> [Given information]

_ _ _ _

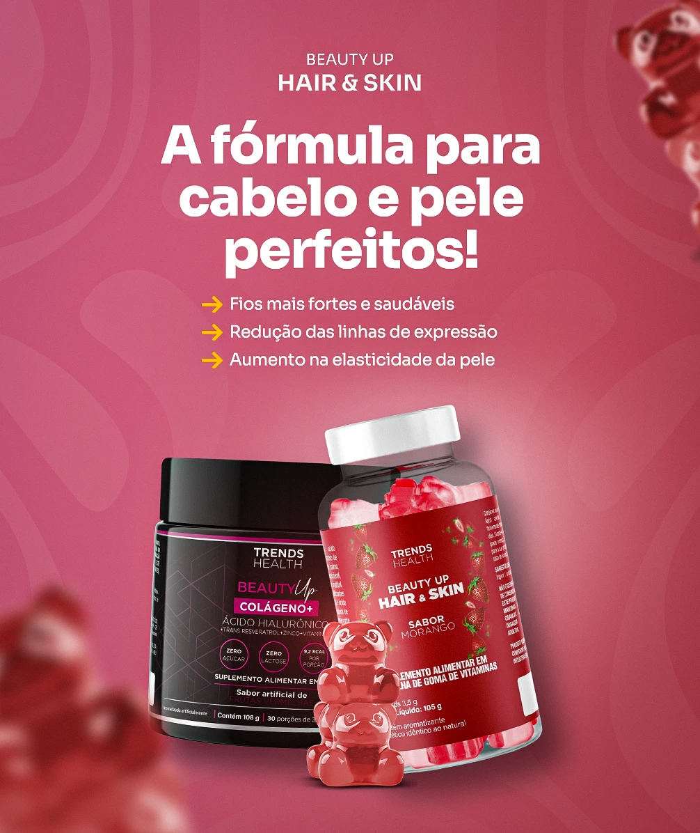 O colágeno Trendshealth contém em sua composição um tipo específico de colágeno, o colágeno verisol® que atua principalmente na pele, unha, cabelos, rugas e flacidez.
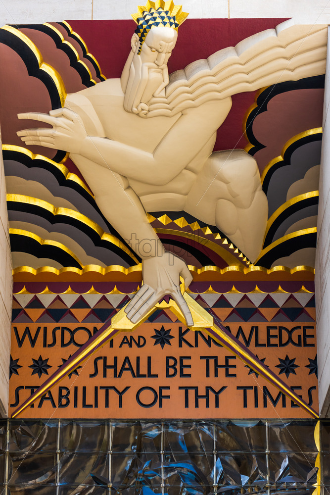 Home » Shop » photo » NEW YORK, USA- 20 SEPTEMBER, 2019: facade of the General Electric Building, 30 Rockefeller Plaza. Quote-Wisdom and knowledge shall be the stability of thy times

_ _ _ _

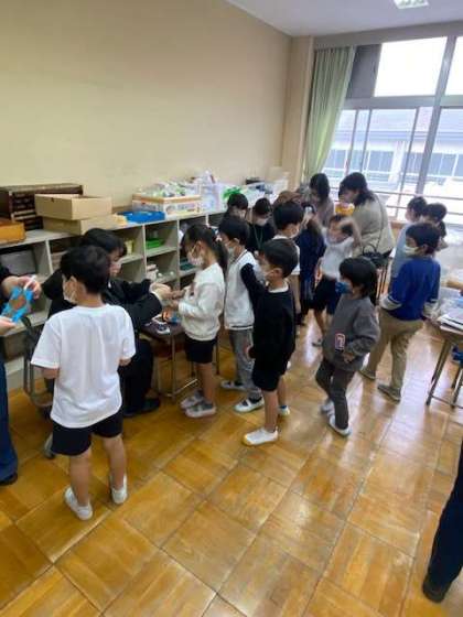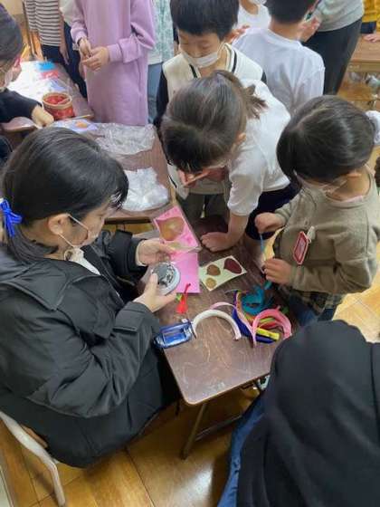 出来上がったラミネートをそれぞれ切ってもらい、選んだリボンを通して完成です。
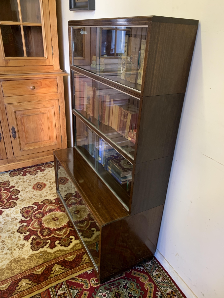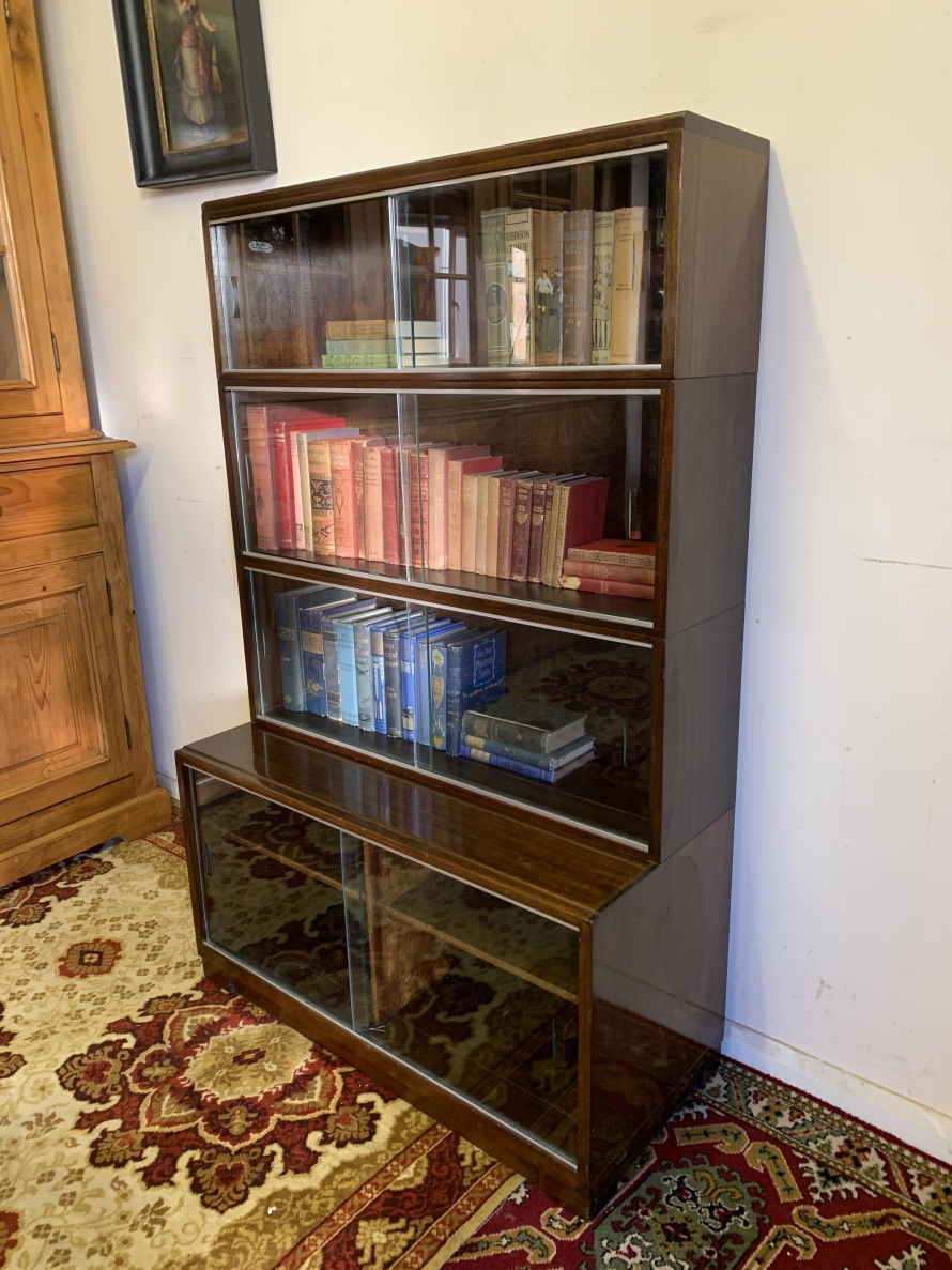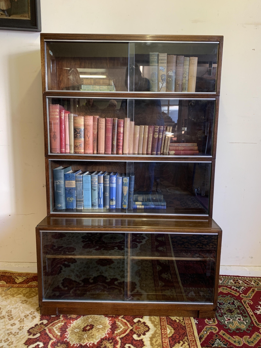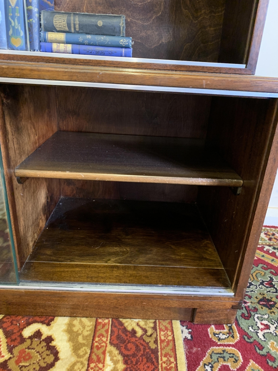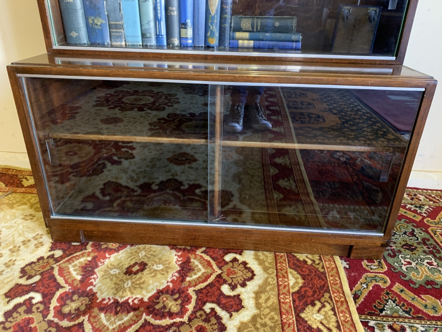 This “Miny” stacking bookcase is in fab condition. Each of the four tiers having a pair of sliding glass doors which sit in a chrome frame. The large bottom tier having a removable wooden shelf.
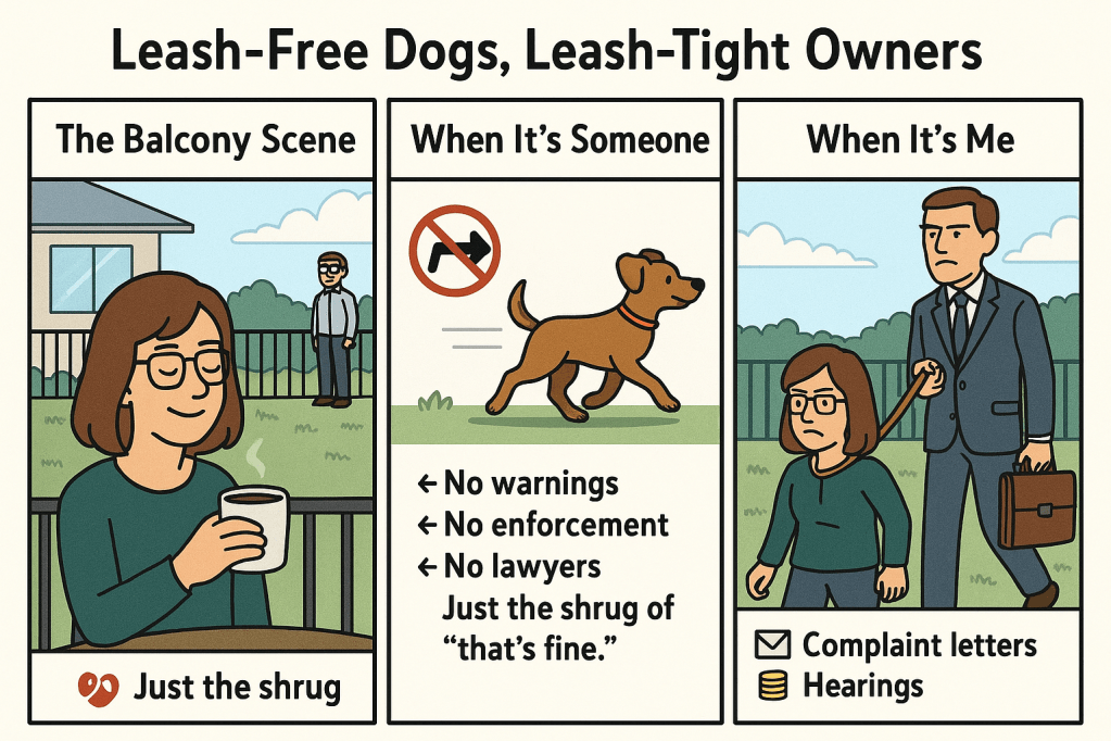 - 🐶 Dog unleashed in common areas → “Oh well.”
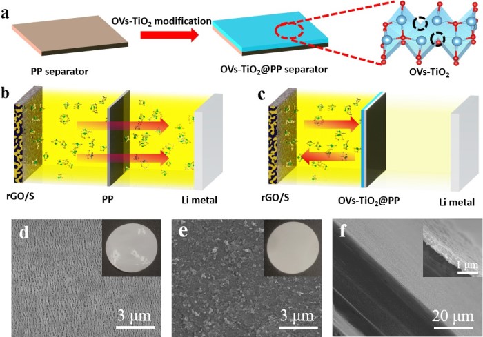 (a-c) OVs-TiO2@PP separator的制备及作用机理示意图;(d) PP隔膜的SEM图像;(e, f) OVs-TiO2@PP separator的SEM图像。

_ _ _ _

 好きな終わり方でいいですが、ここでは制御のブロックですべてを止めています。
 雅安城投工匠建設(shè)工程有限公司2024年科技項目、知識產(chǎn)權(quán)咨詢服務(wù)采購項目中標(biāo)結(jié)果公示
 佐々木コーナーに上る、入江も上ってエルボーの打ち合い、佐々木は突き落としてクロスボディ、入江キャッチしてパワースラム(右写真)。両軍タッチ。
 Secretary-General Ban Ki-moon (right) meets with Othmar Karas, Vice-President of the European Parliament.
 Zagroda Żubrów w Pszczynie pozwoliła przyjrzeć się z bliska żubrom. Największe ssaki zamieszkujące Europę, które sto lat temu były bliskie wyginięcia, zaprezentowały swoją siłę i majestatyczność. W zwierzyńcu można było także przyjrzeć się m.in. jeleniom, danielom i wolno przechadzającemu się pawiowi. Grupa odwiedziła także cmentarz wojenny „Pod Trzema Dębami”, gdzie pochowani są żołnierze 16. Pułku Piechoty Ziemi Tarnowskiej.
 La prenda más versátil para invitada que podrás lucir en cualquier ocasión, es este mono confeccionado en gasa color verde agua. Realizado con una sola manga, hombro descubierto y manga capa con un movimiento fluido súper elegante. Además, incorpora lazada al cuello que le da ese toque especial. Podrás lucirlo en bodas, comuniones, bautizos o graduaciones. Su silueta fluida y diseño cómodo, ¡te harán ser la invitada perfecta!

_ _ _ _

> [Task prompt] Of the lines above, quote exactly those from the one with "O colágeno Trendshealth" through the one with "of thy times", ends included; pictures stay out.

> [Result for this exercise]
 O colágeno Trendshealth contém em sua composição um tipo específico de colágeno, o colágeno verisol® que atua principalmente na pele, unha, cabelos, rugas e flacidez.
 Home » Shop » photo » NEW YORK, USA- 20 SEPTEMBER, 2019: facade of the General Electric Building, 30 Rockefeller Plaza. Quote-Wisdom and knowledge shall be the stability of thy times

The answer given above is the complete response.